Information provided Block Start
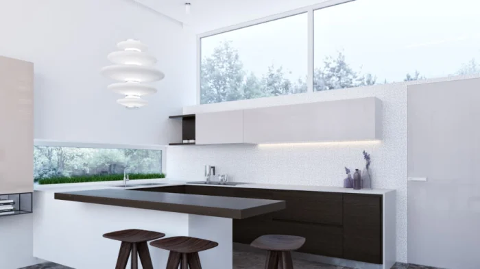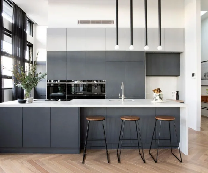 Барная стойка. Элегантный и современный способ зонирования. Идеально для квартир-студий. Она и разделяет пространство, и служит дополнительной рабочей поверхностью или местом для быстрого перекуса.
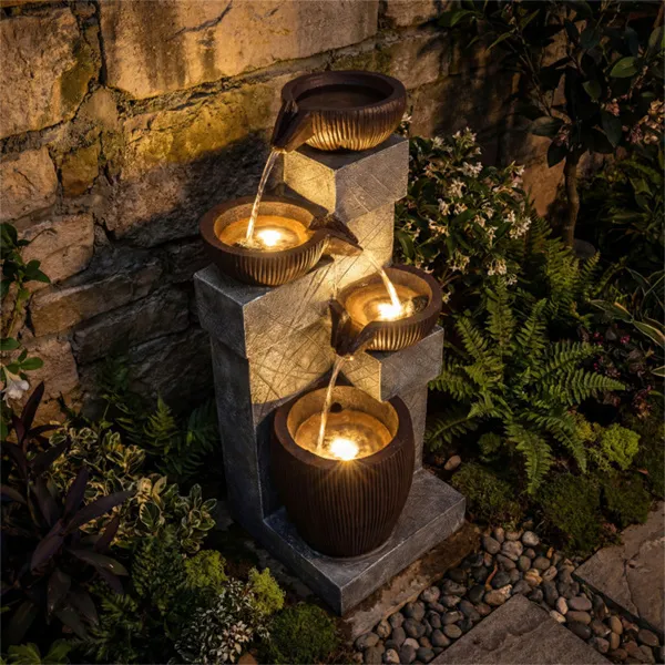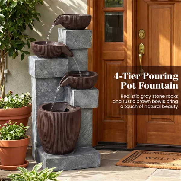 • Soothing Waterfall Sound: The waterfall fountain features a 4-tier cascading bowl design that offers a continuous, calming trickle, mimicking the sound of a real waterfall to add a serene and peaceful vibe to your outdoor space. • Enchanting LED Illumination: Equipped with 3 warm-white LED lights, this water fountain creates a soft, inviting glow that highlights the flowing water at night. It transforms your garden or porch into a captivating 24-hour attraction without extra lighting. • Versatile Location Flexibility: Thanks to its 9.5 ft power cord and 23.5 lbs lightweight body, this outdoor fountain can be effortlessly relocated from your patio to the indoor living room or office. It fits neatly in the compact 13" x 13" x 32" size, perfect for balconies and porches. • Reliable Resin and Fiberglass Construction: Crafted from reliable resin and fiberglass, the 4-tier pouring pot fountain ensures excellent weather resistance and long-lasting performance. Moreover, it offers a realistic stone-like look with gray rocks and rustic brown bowls, bringing a touch of natural beauty. • User-Friendly Operation: This patio decoration includes a pump for constant water circulation. Simply plug it in - no plumbing is necessary. Plus, the dial control offers customizable speeds from gentle to dynamic cascades, making it a safe and straightforward fountain perfect for any setting.
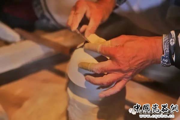 利坯——拉成的坯半干时,置于辘轳上,用刀修整,使器表光洁,厚薄均匀,这道工序称为利坯。这是器物整形的关键步骤。
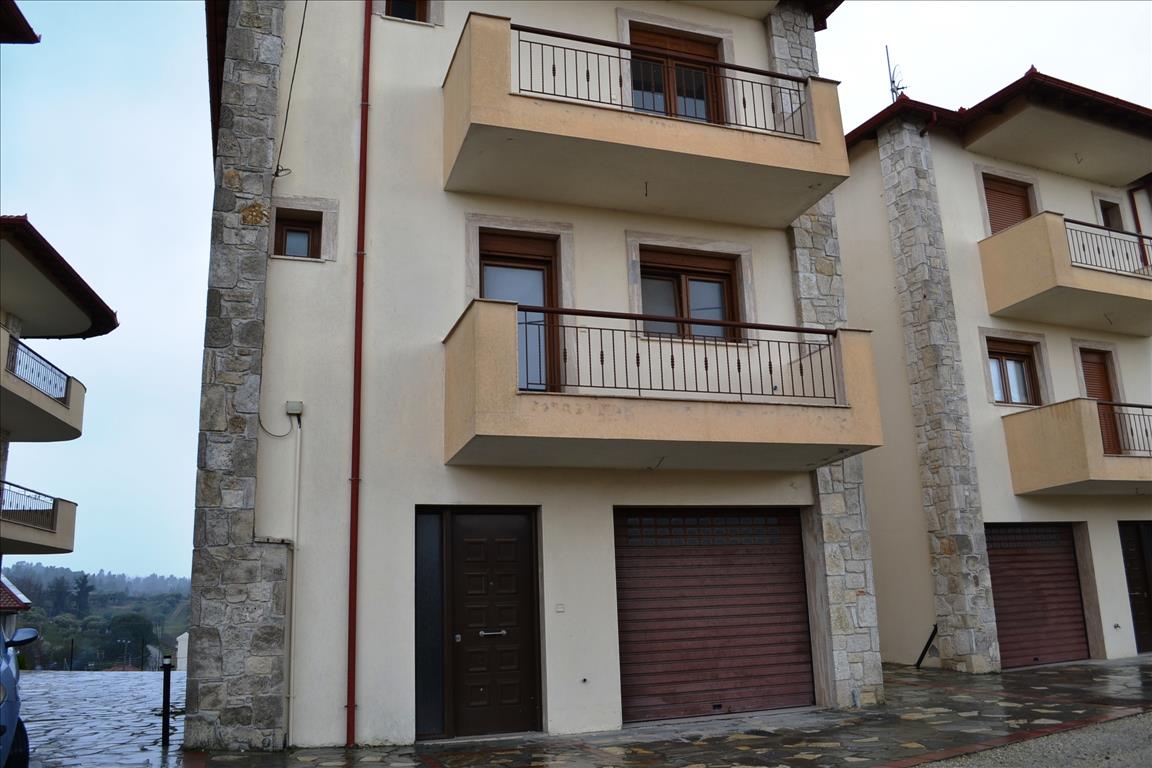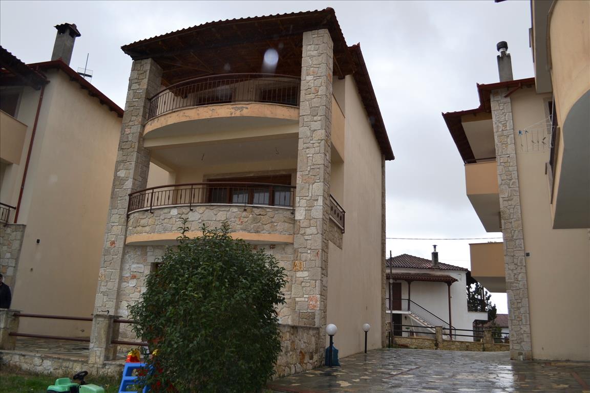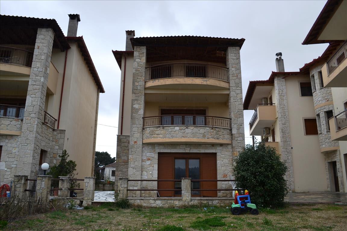 For sale 3-storey cottage area of 200 sqm on the Kassandra Peninsula, Halkidiki, Greece The first floor consists of living room with kitchen, one bathroom, one storeroom. The second floor consists of living room with kitchen, one bathroom. The third floor consists of 3 bedrooms, one bathroom. The Windows offer a magnificent view of the mountains, the forest. The object has a fireplace, heating. To the property belongs a Parking place, garden, garage.
Information provided Block End
#### Exercise objective:
Copy the data verbatim, skipping any image it holds.

#### Output of the exercise:
 Барная стойка. Элегантный и современный способ зонирования. Идеально для квартир-студий. Она и разделяет пространство, и служит дополнительной рабочей поверхностью или местом для быстрого перекуса.
 • Soothing Waterfall Sound: The waterfall fountain features a 4-tier cascading bowl design that offers a continuous, calming trickle, mimicking the sound of a real waterfall to add a serene and peaceful vibe to your outdoor space. • Enchanting LED Illumination: Equipped with 3 warm-white LED lights, this water fountain creates a soft, inviting glow that highlights the flowing water at night. It transforms your garden or porch into a captivating 24-hour attraction without extra lighting. • Versatile Location Flexibility: Thanks to its 9.5 ft power cord and 23.5 lbs lightweight body, this outdoor fountain can be effortlessly relocated from your patio to the indoor living room or office. It fits neatly in the compact 13" x 13" x 32" size, perfect for balconies and porches. • Reliable Resin and Fiberglass Construction: Crafted from reliable resin and fiberglass, the 4-tier pouring pot fountain ensures excellent weather resistance and long-lasting performance. Moreover, it offers a realistic stone-like look with gray rocks and rustic brown bowls, bringing a touch of natural beauty. • User-Friendly Operation: This patio decoration includes a pump for constant water circulation. Simply plug it in - no plumbing is necessary. Plus, the dial control offers customizable speeds from gentle to dynamic cascades, making it a safe and straightforward fountain perfect for any setting.
 利坯——拉成的坯半干时,置于辘轳上,用刀修整,使器表光洁,厚薄均匀,这道工序称为利坯。这是器物整形的关键步骤。
 For sale 3-storey cottage area of 200 sqm on the Kassandra Peninsula, Halkidiki, Greece The first floor consists of living room with kitchen, one bathroom, one storeroom. The second floor consists of living room with kitchen, one bathroom. The third floor consists of 3 bedrooms, one bathroom. The Windows offer a magnificent view of the mountains, the forest. The object has a fireplace, heating. To the property belongs a Parking place, garden, garage.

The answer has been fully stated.